05-18-2013, 11:45 PM
(05-18-2013, 09:14 PM)jkaram Wrote: I've kept tcoming back to this poem and tinkering around with it. In the process, what I was trying to say has become clearer. So back to share the rewrite, thanks everyone for the honest feedback.what is this?? you took perfection in the original...and have slowly ruined it...
Red paint drying,
she remembers blue; Spring palette
canvas painting- you.
More than her lipstick
or blood running through,
her red strokes on canvas
are painted in you.
^That was brilliant. 'Nuff said. It conveyed so much meaning, depending on when and how the reader was feeling when he/she read it.
Then you came up with this...
She was an artist
more than she knew;
it wasn't just her lipstick, or
her blood running through
that colored the canvas-
painted in you.
^This is good. Original was better. But i can still 'feel' it.
Red paint drying,
she remembers blue; Spring palette
canvas painting- you.
^I don't even know what this is.
In short, I don't think you need to clarify what you mean in the poem at all.
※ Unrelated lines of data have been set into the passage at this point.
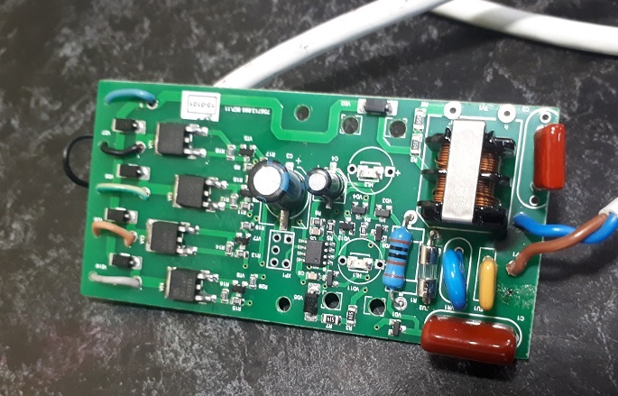 Левая часть схемы – это питание микросхемы и транзисторов. В самом начале установлены два предохранителя – один плавкий на 2А, другой самовосстанавливающийся RV25F на 0.25А 240В. Именно во втором предохранителе и кроются основные проблемы прибора. Если бы его не было, прибор был бы намного надежнее.
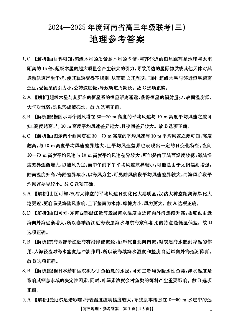 河南省部分高中2024-2025年高三年级联考(三)地理答案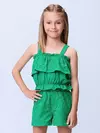 Conheça o Conjunto Verde de Laise com Babados Momi, a escolha perfeita para as pequenas que desejam brilhar em qualquer ocasião! Este conjunto é delicado e cheio de estilo, ideal para um visual romântico e sofisticado.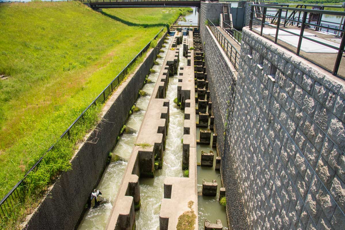 魚道が両岸に設けられ、右岸は3つの魚道が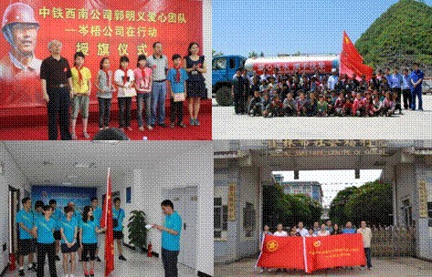 此外,柳州“三桥一路”项目成立了郭明义爱心分队并举行了授旗仪式,全体团员庄严宣誓:以郭明义为榜样,服务社会、热心公益,大力弘扬雷锋服务人民、助人为乐的奉献精神,从自身做起、从身边做起、从小事做起,积极投身到志愿者服务行列中来。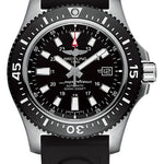 44.00 mm steel case, 14.20 mm thick, screw-locked crown with two gaskets, unidirectional ratcheted bezel, cambered sapphire crystal with glareproof treatment on both sides, volcano black dial, Breitling 17 self-winding movement, approximately 38 hrs of power reserve, black ocean racer II strap, tang buckle. Water resistant to 1,000 m (3,300 ft).

No one reads a poem to be like 'Hmm...I wonder what the author was thinking about when he/she wrote it.' No...they're only concerned about how the poem makes THEM feel, not YOU. Casual readers are selfish that way. The only people who actually care about what you were thinking and feeling when you wrote it, are people who are studying your poetry, and the people on this site, who are genuinely interested in the background of this poem, and who want you to continuously improve.
ah well...this is just my thoughts on the matter anyway...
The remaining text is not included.